The 4-Layer Memory Stack
MemPalace does not load its full corpus into context on every session. It uses a tiered approach that minimises token consumption while ensuring the AI always has the critical context it needs:
Layer 0 — Identity (~50 tokens, loaded every session)
The plain-text contents of ~/.mempalace/identity.txt. Defines who the AI is, what project is currently active, and what role it plays. This layer never changes during normal operation.
Layer 1 — Critical Facts (~120 tokens, loaded every session)
A condensed summary of the most important facts across the entire palace: who is on the team, what the active projects are, what key decisions have been made, what preferences are established. This is generated by mempalace wake-up and can optionally use AAAK encoding to compress the token count further.
Layer 2 — Room Recall (loaded on demand)
When a topic arises that matches a known room, the relevant closets from that room are loaded. This is triggered automatically by the MCP server when the AI's query matches a room topic.
Layer 3 — Deep Search (loaded on demand)
A full semantic vector search against all stored closets. Triggered when the AI explicitly asks to search for something or when Layer 2 does not surface sufficient context. Returns verbatim passages, typically 200–500 tokens each.
L0 + L1 total approximately 170 tokens. The AI begins every session knowing the full landscape of your palace. L2 and L3 only add tokens when they are genuinely needed.

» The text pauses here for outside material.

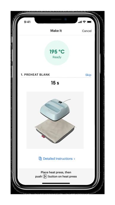 A tako je jednostavno! Podesite željenu temperaturu i vrijeme, za nekoliko minuta ćete postići željenu temperaturu. Nakon što svojim kreativnim crtalom postavite motiv na željenu tkaninu, uključite EasyPress. Lagano pritisnite i kada se oglasi zvučni signal, gotovi ste!

How the 100% Hybrid Mode Works
The raw mode's 96.6% score reflects failures on questions where vector similarity is misleading — cases where the most relevant passage is not the most semantically similar to the query wording. The hybrid mode adds a Claude Haiku reranking pass to catch these edge cases.
After the standard top-k retrieval, Haiku reads all k candidates alongside the original query and re-scores them based on actual semantic relevance rather than embedding similarity. The reranked top-5 achieves 100% R@5 across all 500 LongMemEval questions. The team disclosed that 3 targeted fixes moved the score from 99.4% to 100%, and that a held-out test set (never seen during development) scores 98.4% — confirming genuine generalisation rather than benchmark overfitting.